--- Work order ---
Write out the listing below exactly, and omit any images you find in it.

--- Data below ---
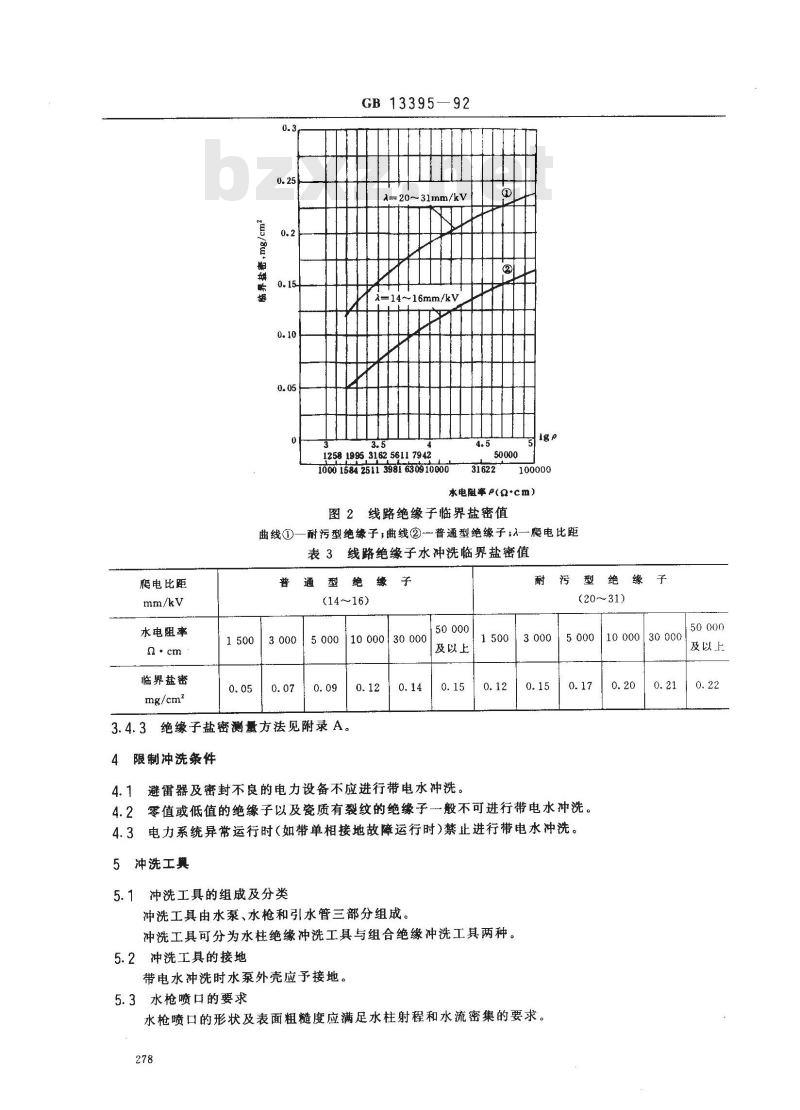 ?密裙绝缘子应按普通型绝缘子看待。3.4.2电力线路的绝缘子,只有在不超过图2及表3所给出的临界盐密值时方可进行带电水冲洗。277
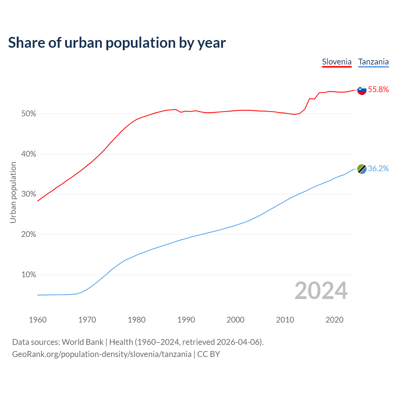 From 2004 to 2024, the share of urban population changed from 50.7% to 55.8% in Slovenia and from 24.1% to 36.2% in Tanzania.
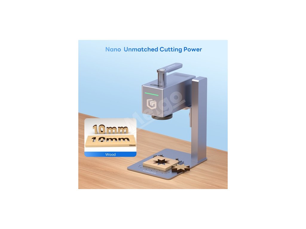 Nano Pro má výkonný laserový modul s optickým výstupom 12 W, ktorý je vybavený najmodernejšou technológiou vylepšenia lasera a zvyšuje reznú kapacitu tohto stroja. Dokáže rezať 0,39" (10 mm) basglejové drevo a 0,17" (4,5 mm) akrylát, čo je o 20 % viac ako u ostatných.

--- Response box ---
 ?密裙绝缘子应按普通型绝缘子看待。3.4.2电力线路的绝缘子,只有在不超过图2及表3所给出的临界盐密值时方可进行带电水冲洗。277
 From 2004 to 2024, the share of urban population changed from 50.7% to 55.8% in Slovenia and from 24.1% to 36.2% in Tanzania.
 Nano Pro má výkonný laserový modul s optickým výstupom 12 W, ktorý je vybavený najmodernejšou technológiou vylepšenia lasera a zvyšuje reznú kapacitu tohto stroja. Dokáže rezať 0,39" (10 mm) basglejové drevo a 0,17" (4,5 mm) akrylát, čo je o 20 % viac ako u ostatných.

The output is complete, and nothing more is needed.